- **Assignment**: Output exactly the lines that come between the start of the material and the line containing "- Decide by", both ends included, with the pictures omitted.

- **Supplied data**:
══════════════════════════════

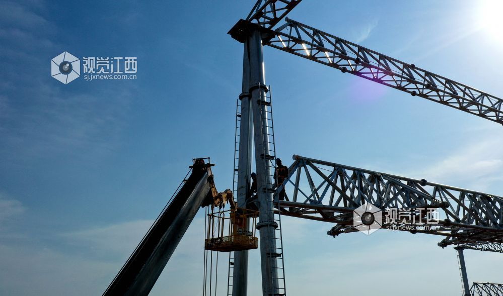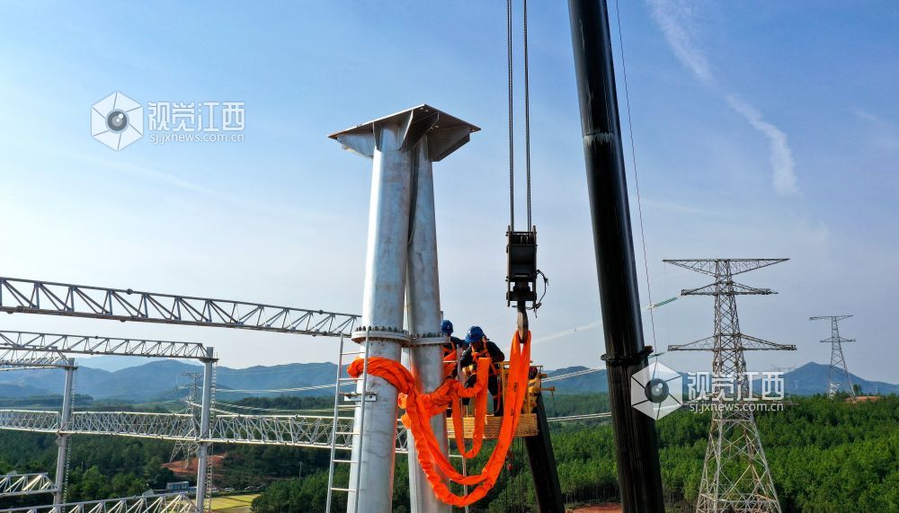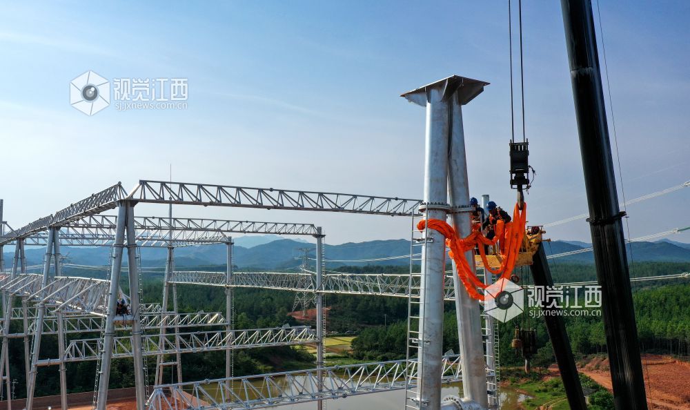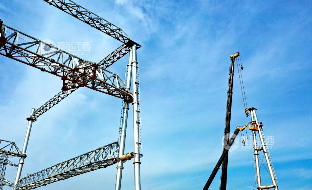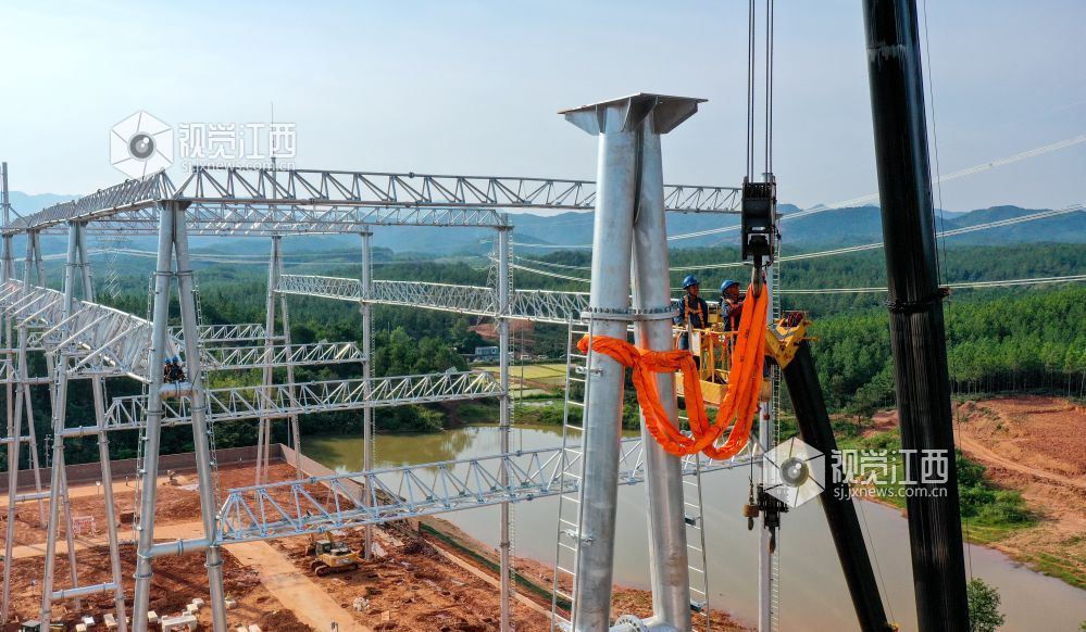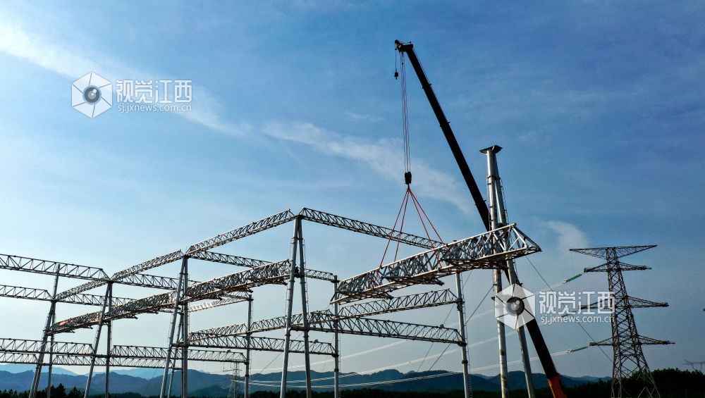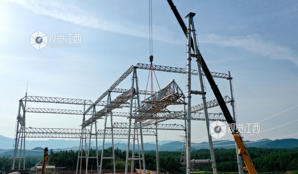2022年7月14日,江西省吉安市吉水县乌江镇吉安东500千伏变电站新建工程项目点,在做好防暑降温工作的同时,工程施工人员正在吊装变电站架梁,确保工程建设项目按时建成投运。
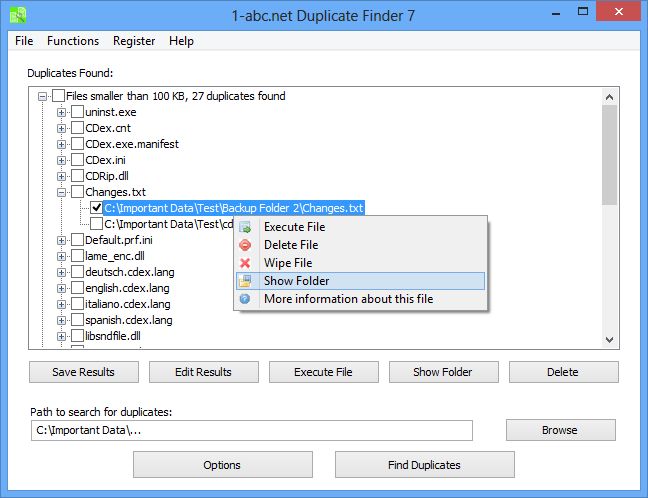 - Decide by your own if you want to ignore, execute or delete found duplicate files
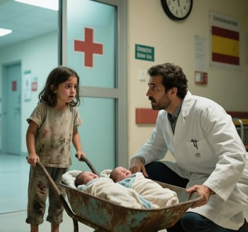 When the automatic doors burst open that morning, the triage nurse froze. A girl — no more than seven — was pushing a rusted wheelbarrow through the doorway. Inside, wrapped in a thin blanket, were two newborns, their faces pale but breathing.

══════════════════════════════

- **Task solution**:
2022年7月14日,江西省吉安市吉水县乌江镇吉安东500千伏变电站新建工程项目点,在做好防暑降温工作的同时,工程施工人员正在吊装变电站架梁,确保工程建设项目按时建成投运。
 - Decide by your own if you want to ignore, execute or delete found duplicate files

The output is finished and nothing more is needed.